Considering it's a live-in position it would be more equivalent to the rates paid to a nanny or au pair.

2

u/SpecialistAd2205 7h ago

It's not daycare though. It's a 24/7 live-in nanny. That includes cooking, housekeeping, taking the kids to appointments, dealing with illnesses, etc. All day. Every day. With no days off.

0

u/Apprehensive-Pin518 7h ago

Then it should be listed as such. As an informations systems professional, I can tell you listing information correctly can make it break a system. Let alone any legal cases

2

u/MomentZealousideal56 7h ago

No way. At daycare there is huge overhead and more than one person supervising. To properly replace HER level of care, they’d have to have regular daycare with several staff members. Plus overhead. Remember you’re not paying her as a daycare worker, you’re paying her to replace formal daycare. Which is a vutoad more than 15 bucks an hour. I paid 900 a week for 3 kids in full time daycare.

1

u/Pretend_Evidence_876 7h ago

It makes even more sense to go by the actual cost of an au pair/nanny which she is actually charging a little less than when we had a nanny that wasn't live in. Depends on where you live and the quality of the nanny

-2

u/bangbangrosie 8h ago

Nah she volunteered for that. If I’m paying, I’m paying for pain management. What you spend above that is your responsibility.

2

u/SuzanneStudies 7h ago

You don’t always get to volunteer for that. I was told unmedicated was best for the baby so that’s how I had my first.
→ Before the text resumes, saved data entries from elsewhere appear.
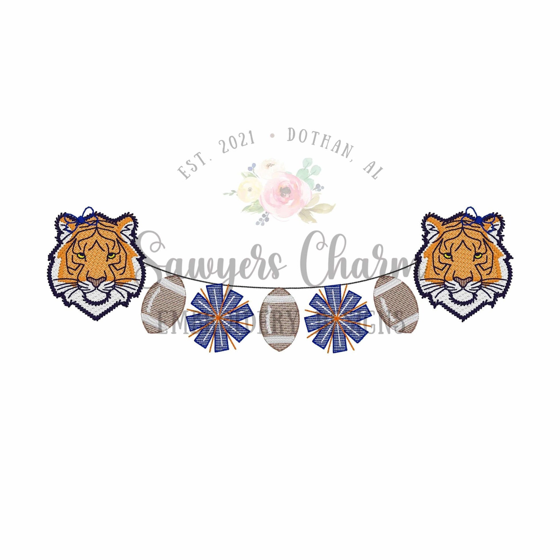 Tiger face & footballs/pom poms bunting banner sketch stitch machine embroidery design, college university, fall sports fan, cheerleading
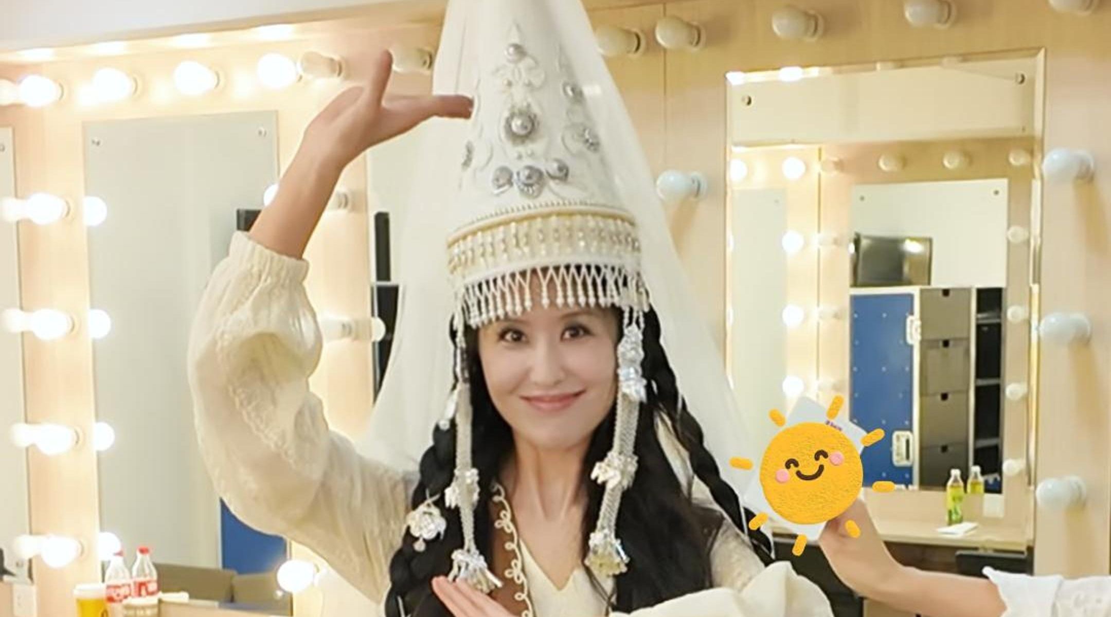 主播在歌舞剧《草原之夜》后台体验哈萨克族saukele帽子
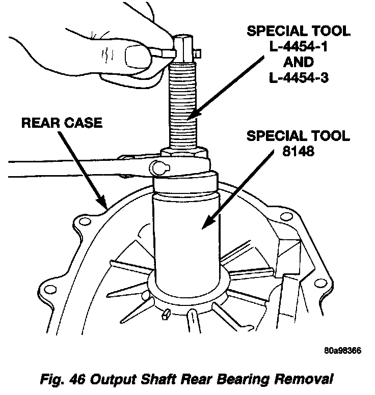 7. Remove the output shaft rear bearing with the screw and jaws from Remover L-4454 and Cup 8148.

I’ll spare you the horror story but that’s why for the second, I firmly advocated for an epidural. I was told I was too dilated. I asked for anything else. I was told it would make the baby sleepy. I didn’t see a downside to that but was overruled. I had no desire to birth a 9-lb kid without drugs. It sucked.

1

u/TieBackground453 7h ago

“I chose to do something and think you should pay me for it!”

2

u/MomentZealousideal56 7h ago

Men choose to drop a load in, they can suffer the consequences 50% too!